Shocking statistics outlining the lack of diversity in UK journalism
The lack of diversity and representation of Black and minority-ethnic journalists in UK newspapers and on our TV screens is certainly no surprise to those in the industry, as some of the shocking findings from the Women in Journalism 2020 report found:
• Not a single Black reporter was featured on the front page of any of the major newspapers.
• Out of 174 front-page by-lines, just six were written by people of colour. That means just 1 in 30 front-page by-lines went to non-white reporters.
• Out of 128 prime-time presenter slots monitored throughout the week, 30% were BAME and 12% were Black.
• Out of all BAME expert guests’ appearances on TV, more than half were in the context of coverage either directly related to race, or during coverage of non-white communities, or during coverage focussing on predominantly non-white countries.

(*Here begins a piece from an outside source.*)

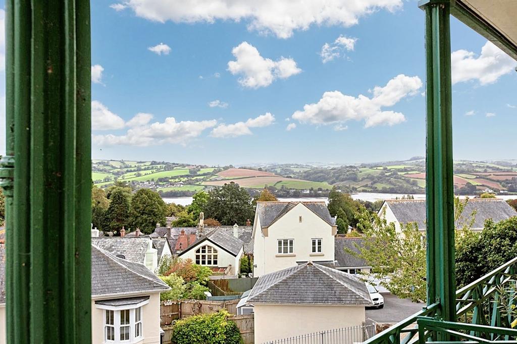LOUNGE AREA with attractive original double French patio doors giving access to a private enclosed balcony and enjoying views into the river Teign estuary and open farmland beyond. DINING AREA with multi-paned window to side aspect with deep display sill. Picture rail, modern electric independently controlled radiator. Space for table and chairs. Feature archway through to the kitchen.

Action plan and recommendations outlined by mainstream media organisations to improve diversity in UK Journalism
Against the background of these shocking statistics that paint a terrible picture of the UK journalism industry and taking into account the sheer volume of Black and minority-ethnic talent the industry possesses, Aratrust welcomes initiatives by two of the biggest players in the media and journalism space, the BBC and ITV, that have announced schemes to facilitate more diverse talent in their organisations:
• The BBC has got a special fund for ‘Local News Partnerships’ set up in recognition that local newspapers and local journalism play an essential role in our local democracy. They expose important local stories – sometimes with national significance – that national and international media organisations just miss. The local news provider must “Target an audience typically located in a specific geographical area which is no greater than a single Nation of the UK or which targets a BAME community of the UK”.
• ITV launched the ‘Breaking into News’ competition which, while open to applicants of all ages, experience, and backgrounds, is also an effort to promote diversity in broadcast journalism and create pathways into the industry for people that would otherwise find it difficult. The initiative is a travel-expensed scheme, which gives people from different backgrounds an opportunity to produce impactful stories and get their foot on the career ladder which is in contrast to the barriers presented by unpaid internships and work experience in the industry.